Where ρ shows element concentration, DMBL (≥ρ) indicates cumulative distance from magnetic basement lineament of sampled sites with concentration values greater than or equal to ρ, F is a constant, and D is the scaling exponent or fractal dimension of the distribution of element concentrations. Based on this model, metallic mines, deposits, and occurrences were classified according to their distance from magnetic basement lineament.

Result and discussion

Application of N-S fractal method in stream sediment

The analyzed samples were sorted in decreasing order of grades from which cumulative numbers were calculated. Finally, the log–log plot was generated for Au (Fig. 3). Breaking points between straight-line segments in the log–log plot represent threshold values separating sets of samples whose geochemical concentration values outline distinct geological and geochemical processes. The log–log graph of the N-S model can be fitted with four straight-line segments, indicating the presence of four populations that can be separated by threshold values at the breaks in slopes of the straight-line segments. These four populations, from lowest to highest values, are considered to represent background, moderate, high and extreme anomalies.

Fig. 3
figure 3

a Stream sediment location map of the Takab area. b Log–log plot of N-S model for Au stream sediment data. c Au stream sediment population distribution map based on the N-S fractal model

The area was gridded with cells of 180 × 180 m2 for the interpolation of Au values. The interpolation method used is the inverse squared distance (ISD) which was used for the generation of maps of Au concentration. This procedure is preferred because it reduces the undesirable smoothing effects caused by Kriging. Kriging also contains inherently high truncation errors for the upper and lower boundaries of ore grades. The high values of Au (≥50 ppb) are located in the central, NE, and western parts of the Takab area, as depicted in Fig. 3.

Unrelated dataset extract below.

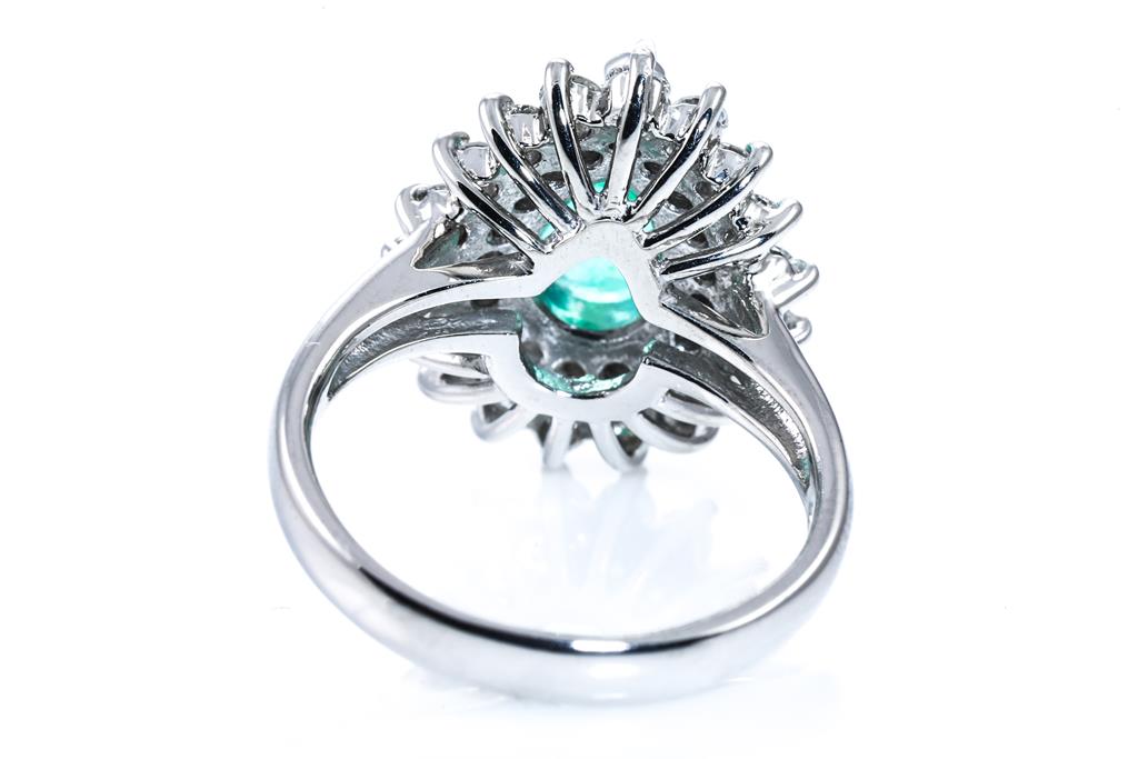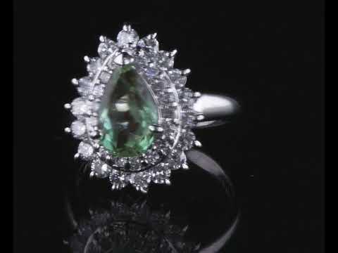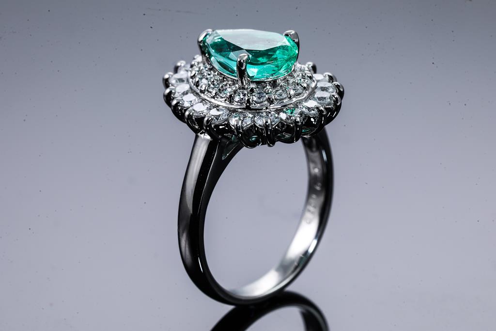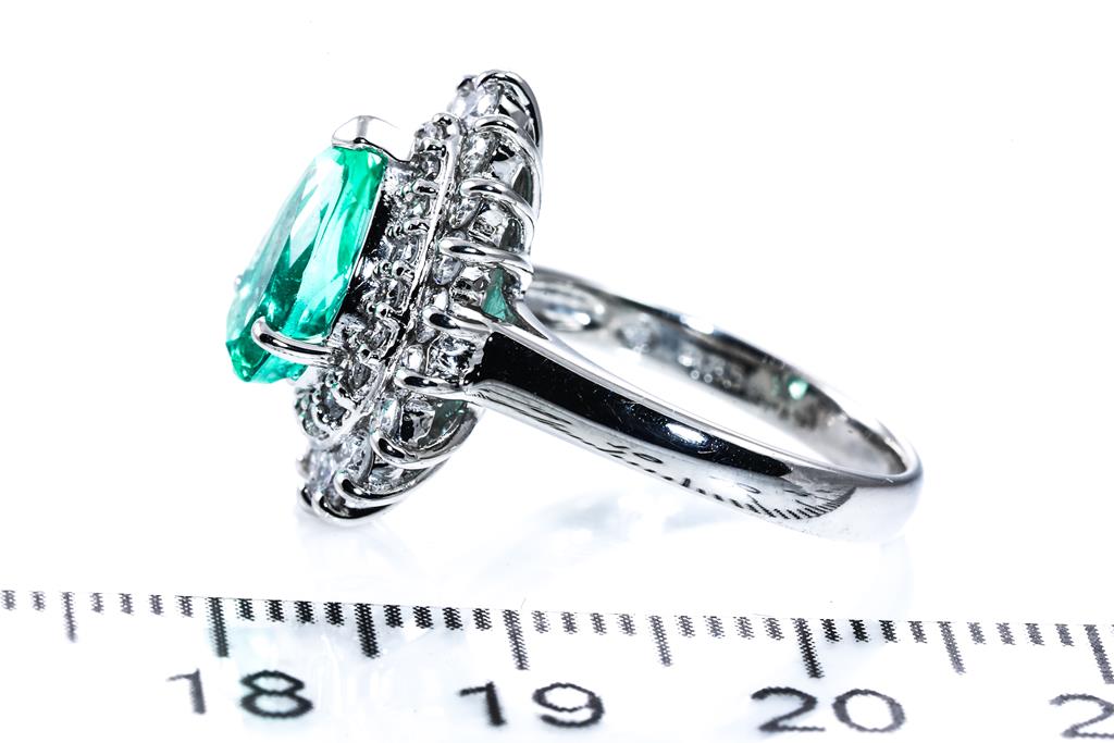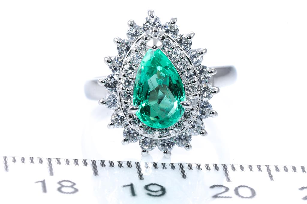 1840/ 141: Emerald and Diamond ring with a pear shape Emerald of 1.29ct and round Diamonds totalling 0.30cts (Estimated grading: G-H SI). Platinum. Ring size: I. Weight: 7.7g. (Pre-owned)
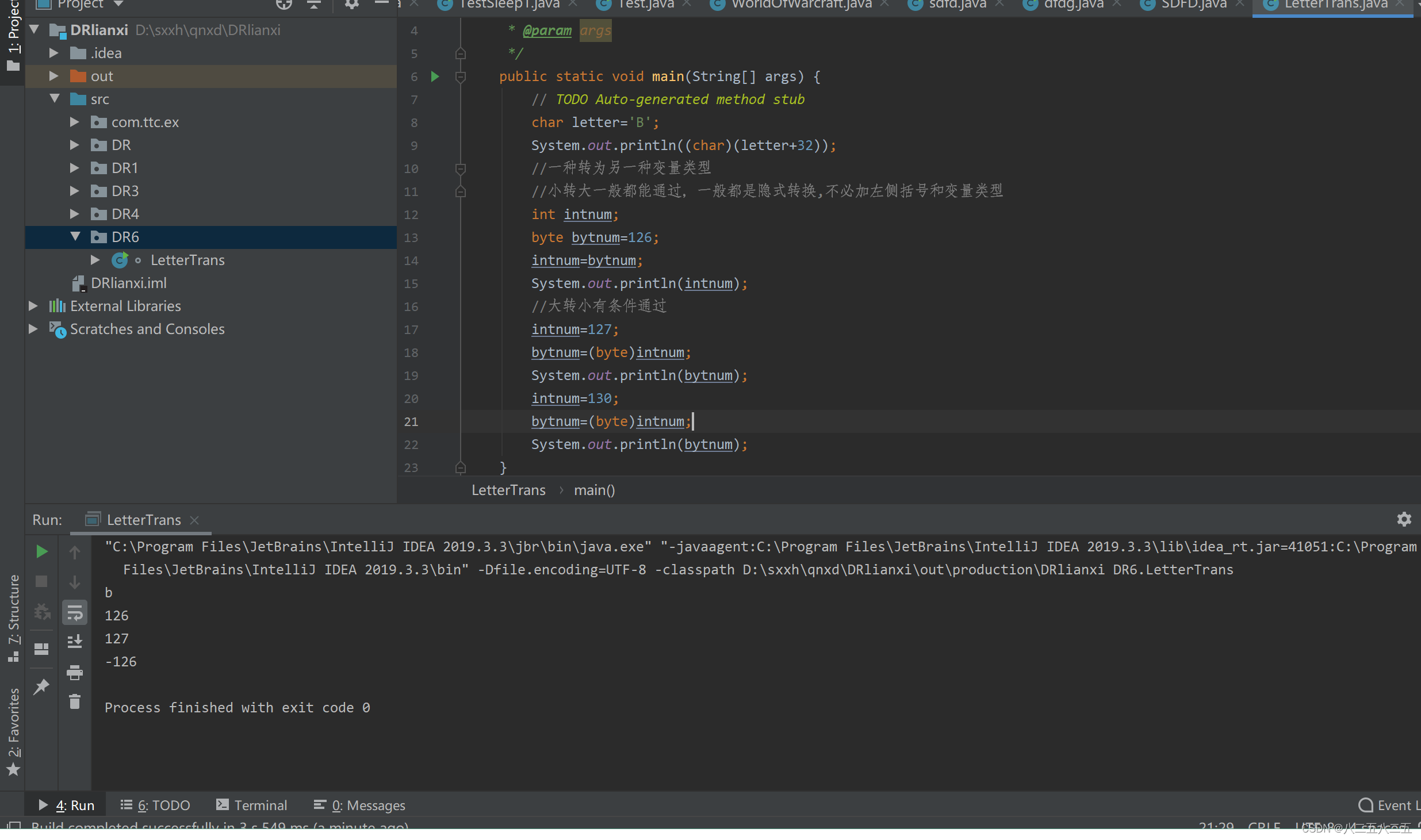 "C:\Program Files\JetBrains\IntelliJ IDEA 2019.3.3\jbr\bin\java.exe" "-javaagent:C:\Program Files\JetBrains\IntelliJ IDEA 2019.3.3\lib\idea_rt.jar=41051:C:\Program Files\JetBrains\IntelliJ IDEA 2019.3.3\bin" -Dfile.encoding=UTF-8 -classpath D:\sxxh\qnxd\DRlianxi\out\production\DRlianxi DR6.LetterTrans

Application of concentration-distance to magnetic basement lineament fractal model

Based on C-DMBL fractal modeling, five geochemical groups were separated based on the existence of known Au extreme anomalies in the Takab area, as shown in Table 1. The log–log plot illustrates that there are two major phases for Au mineralization which have a multifractal character (Fig. 4). Gold extreme anomalies with enrichment mineralization have Au values higher than 417 ppb. The anomalies are located at distances less than 3 km from magnetic basement lineament (Table 1). The results indicate that there is a relation between increase in grades of gold anomalies and decrease in the distance between the magnetic basement lineament and the gold extreme anomalies in the area.

Table 1 Geochemical anomalous areas and their distances to magnetic basement lineament
Fig. 4
figure 4

a Log–log plot from C-DMBL. b Distribution map of Au anomalies and mines

Also, the gold mines were used to validate the C-DMBL model’s results. All gold mines have an average distance less than 6 km to the magnetic basement lineament.

Conclusions

Application of the concentration-distance to magnetic basement lineament (C-DMBL) fractal model in the Takab area reveals that the main gold mineralization are strongly correlated with their distance from the magnetic basement lineament in the study area. The distances between known gold mineralization with Au values higher than 417 ppb to magnetic basement lineament are less than 3 km which shows a positive correlation between Au mineralization and the main faults.

Moreover, magnetic basement lineament has played the main roles in hydrothermal fluids flow and the gold mineralization in the area. Based on the results, the C-DMBL fractal modeling can be utilized for the reconnaissance and prospecting of magmatic and hydrothermal deposits.